══ INFORMATION SUPPLIED ══

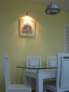 Và tranh được bà Tư và cậu Điền treo ngay cạnh phòng khách, tại bàn ăn – có đèn chiếu sáng nhìn sang hẳn lên
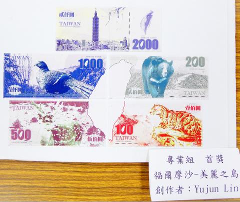 Winners of a banknote design contest held by Democratic Progressive Party Legislator Gao Jyh-peng (高志鵬) were announced yesterday, with a design titled Formosa — The Beautiful Island featuring indigenous wildlife and Taipei 101 winning the top prize.
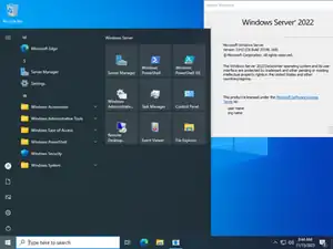 ![]() Windows Server 2022 desktop with Start menu which looks similar to the Windows 10 desktop and Start menu | |

═══

Please ensure that the data above is repeated exactly, with no pictures in the copy.

TASK RESULT
 Và tranh được bà Tư và cậu Điền treo ngay cạnh phòng khách, tại bàn ăn – có đèn chiếu sáng nhìn sang hẳn lên
 Winners of a banknote design contest held by Democratic Progressive Party Legislator Gao Jyh-peng (高志鵬) were announced yesterday, with a design titled Formosa — The Beautiful Island featuring indigenous wildlife and Taipei 101 winning the top prize.
 ![]() Windows Server 2022 desktop with Start menu which looks similar to the Windows 10 desktop and Start menu | |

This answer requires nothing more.